An exact transcription is needed, starting at the line containing "Салфетки для уборки" and running through the last line of the records, with every picture left out.
____ GIVEN INFORMATION
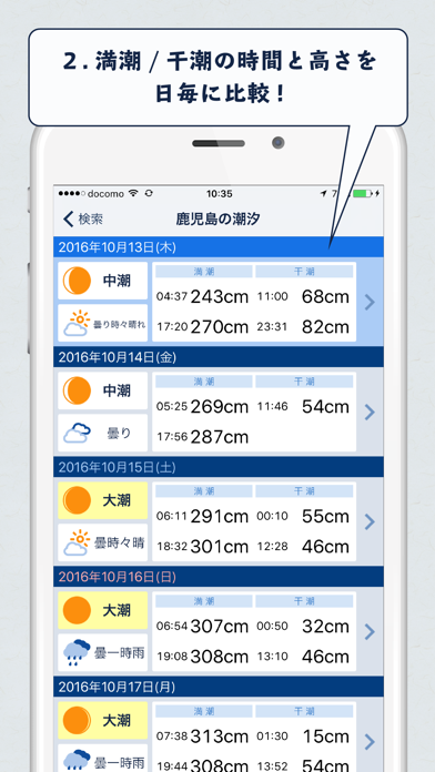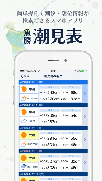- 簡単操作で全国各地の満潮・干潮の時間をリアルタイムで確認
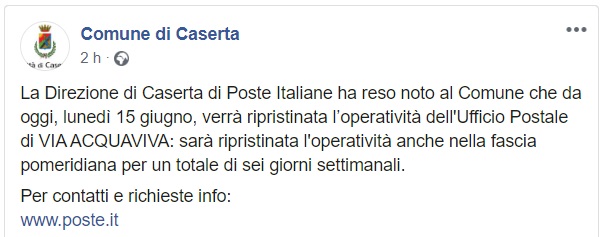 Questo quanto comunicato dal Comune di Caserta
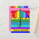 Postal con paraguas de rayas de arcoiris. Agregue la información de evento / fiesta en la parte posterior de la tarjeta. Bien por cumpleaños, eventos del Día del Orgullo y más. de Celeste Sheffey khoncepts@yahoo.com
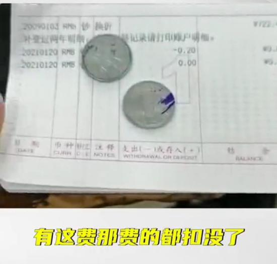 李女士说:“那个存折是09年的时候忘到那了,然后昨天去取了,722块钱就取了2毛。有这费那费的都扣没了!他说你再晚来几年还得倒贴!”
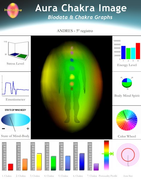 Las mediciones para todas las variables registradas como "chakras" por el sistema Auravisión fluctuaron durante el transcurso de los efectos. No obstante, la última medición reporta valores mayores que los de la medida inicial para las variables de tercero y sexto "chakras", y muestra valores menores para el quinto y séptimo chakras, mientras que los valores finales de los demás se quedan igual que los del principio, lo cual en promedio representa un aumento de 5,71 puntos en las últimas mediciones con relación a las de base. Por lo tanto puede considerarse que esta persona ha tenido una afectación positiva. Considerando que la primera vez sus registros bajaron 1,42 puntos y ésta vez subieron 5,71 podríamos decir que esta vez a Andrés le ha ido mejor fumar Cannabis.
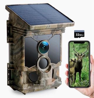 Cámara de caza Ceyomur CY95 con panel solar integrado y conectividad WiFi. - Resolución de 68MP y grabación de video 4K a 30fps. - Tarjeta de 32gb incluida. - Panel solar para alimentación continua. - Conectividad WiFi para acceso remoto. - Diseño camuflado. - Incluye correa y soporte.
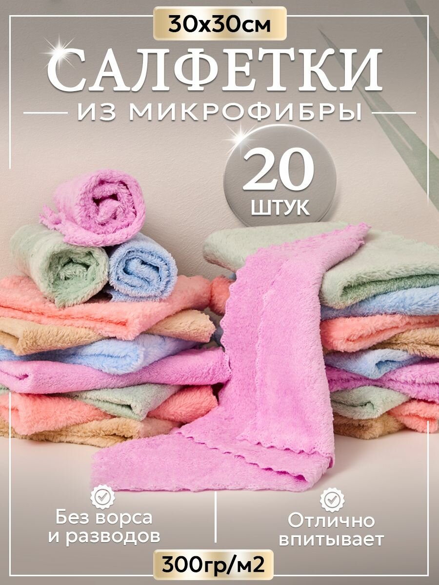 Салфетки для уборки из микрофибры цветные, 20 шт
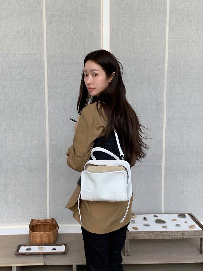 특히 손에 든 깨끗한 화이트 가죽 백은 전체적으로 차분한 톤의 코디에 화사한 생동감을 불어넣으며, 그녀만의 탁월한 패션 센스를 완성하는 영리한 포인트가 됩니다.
________
ANSWER TO THE EXERCISE.
 Салфетки для уборки из микрофибры цветные, 20 шт
 특히 손에 든 깨끗한 화이트 가죽 백은 전체적으로 차분한 톤의 코디에 화사한 생동감을 불어넣으며, 그녀만의 탁월한 패션 센스를 완성하는 영리한 포인트가 됩니다.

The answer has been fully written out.